• [Task to carry out]: Having located "وأضافت الصورة المرفقة", write out its line and the remaining lines of the material exactly, the last one included, but not the pictures.

• [Data below]:
'''

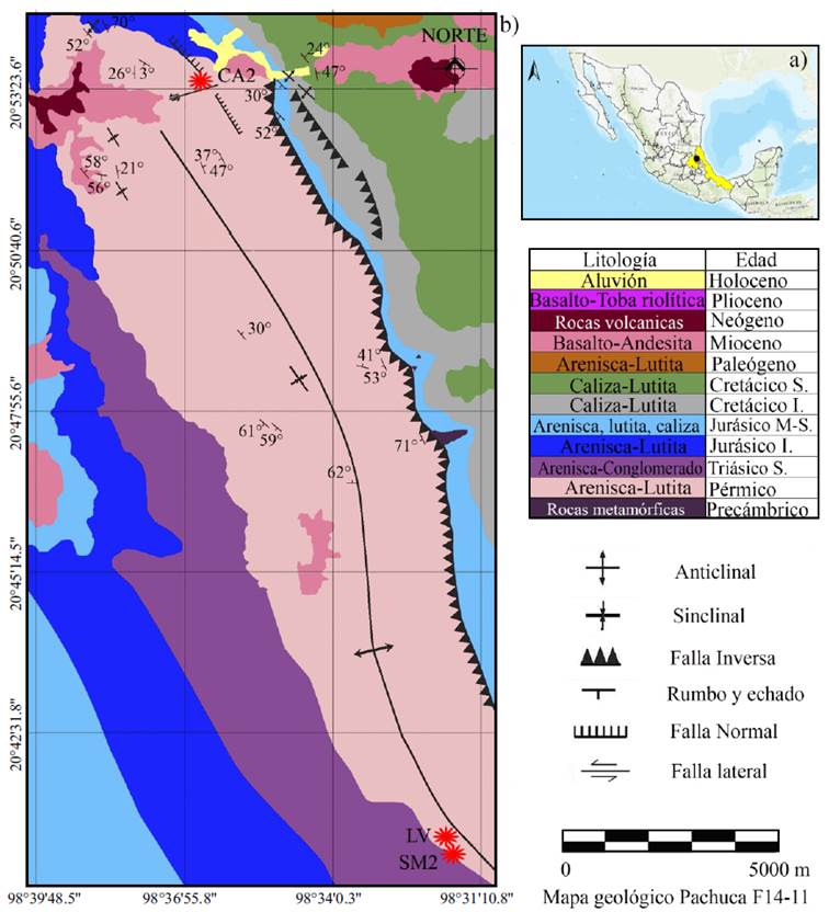 Figura 1 Mapa de ubicación de las zonas de estudio. a) Mapa de la República Mexicana mostrando en amarillo los estados de Hidalgo y Veracruz donde se ubican las zonas de estudio representadas con el punto negro. b) Mapa geológico donde se ubican las tres localidades estudiadas en este trabajo, CA2: Calnali 2; LV: La Virgen; SM2: San Mateo 2. Simbología: I) Inferior. M) Medio y S) Superior. Tomado y modificado de Velasco-de León et al. (2020).
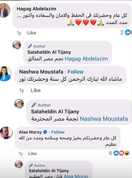 وأضافت الصورة المرفقة التي تظهر تفاعلات بين الفنانين والشيخ التيجاني على وسائل التواصل الاجتماعي مزيدا من الوقود للنقاش، في هذه الصورة، إذ علق الفنان علاء مرسي على منشور للتيجاني، قائلا: كل عام وحضرتكم بخير وصحة وسلامة ومدد من الله عظيم، كما ظهرت الفنانة نشوى مصطفى وهي تمدح الشيخ التيجاني بقولها: ما شاء الله تبارك الرحمن كل سنة وحضرتك نور، مما يبرز العلاقة الواضحة بينهما وبين التيجاني.
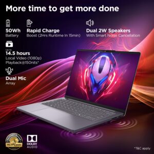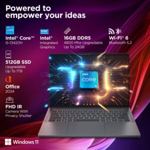 • Memory and Storage: 8GB Soldered DDR5-4800 + 8GB SO-DIMM DDR5-4800, Max Memory Up to 24GB (8GB soldered + 16GB SO-DIMM) DDR5-4800 offering | 512GB SSD M.2 2242 PCIe 4.0×4 NVMe (Expandable upto 1TB)

'''

• [Solution]:
 وأضافت الصورة المرفقة التي تظهر تفاعلات بين الفنانين والشيخ التيجاني على وسائل التواصل الاجتماعي مزيدا من الوقود للنقاش، في هذه الصورة، إذ علق الفنان علاء مرسي على منشور للتيجاني، قائلا: كل عام وحضرتكم بخير وصحة وسلامة ومدد من الله عظيم، كما ظهرت الفنانة نشوى مصطفى وهي تمدح الشيخ التيجاني بقولها: ما شاء الله تبارك الرحمن كل سنة وحضرتك نور، مما يبرز العلاقة الواضحة بينهما وبين التيجاني.
 • Memory and Storage: 8GB Soldered DDR5-4800 + 8GB SO-DIMM DDR5-4800, Max Memory Up to 24GB (8GB soldered + 16GB SO-DIMM) DDR5-4800 offering | 512GB SSD M.2 2242 PCIe 4.0×4 NVMe (Expandable upto 1TB)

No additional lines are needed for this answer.